In this paper, an enhanced YOLO model called CRGF-YOLO is designed for detecting steel surface defects. Based on YOLOv5s, four detection heads are employed to detect targets with different scales, and the performance of detecting small targets is improved. The CoT module utilizes the self-attention mechanism to improve feature expression by connecting contextual information from different feature maps, resulting in more efficient information transfer to the neck part. On the other hand, the simplified GFPN facilitates multi-scale feature fusion and enables effective information exchange between different feature maps. By utilizing Grad-CAM for visualizing the results, it can be found that the CoT-GFPN network outperformed the others and covered the largest attended areas in detecting regions. Furthermore, Rep-DSC and Rep-CSP implement the structural reparameterization to create nonlinear diversified connections and improve the generalization ability of the network, maintaining high detection accuracy and a compact model. Finally, the loss function Focal-EIOU is utilized to accelerate model convergence and improve the imbalance of sample categories. Based on the experimental results and evaluations, it is concluded that CRGF-YOLO outperforms at the training and validation stage, with the mAP value of 82.2% compared to other detectors, which indicates that the improved model has both high detection accuracy and meet real-time requirements.

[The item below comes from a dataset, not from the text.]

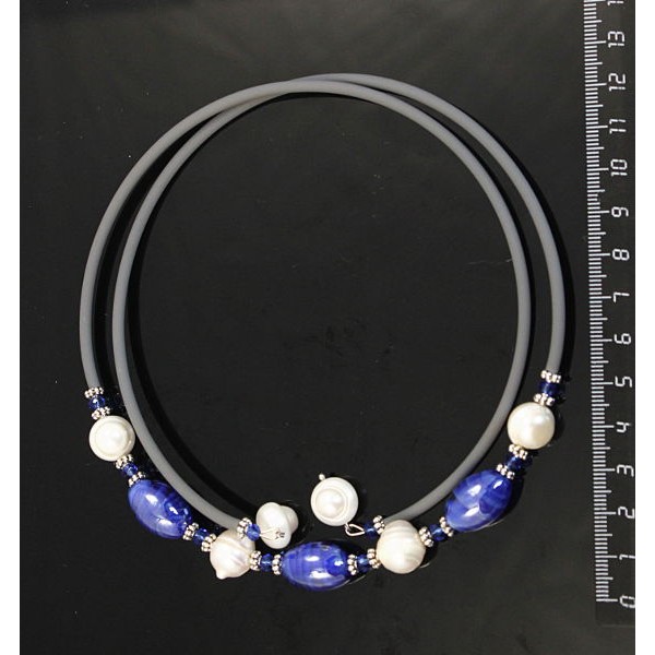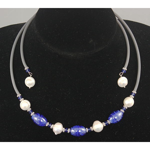 Колье на струнке из жемчуга белого и синего муранского стекла

This study makes significant contributions by offering valuable insights and practical guidance for enhancing defect detection technology in the steel industry. By overcoming the drawbacks of conventional methods and harnessing innovative techniques, this research sets the stage for more robust and effective defect inspection systems. Ultimately, it aids in strengthening product quality and minimizing economic losses within steel manufacturing.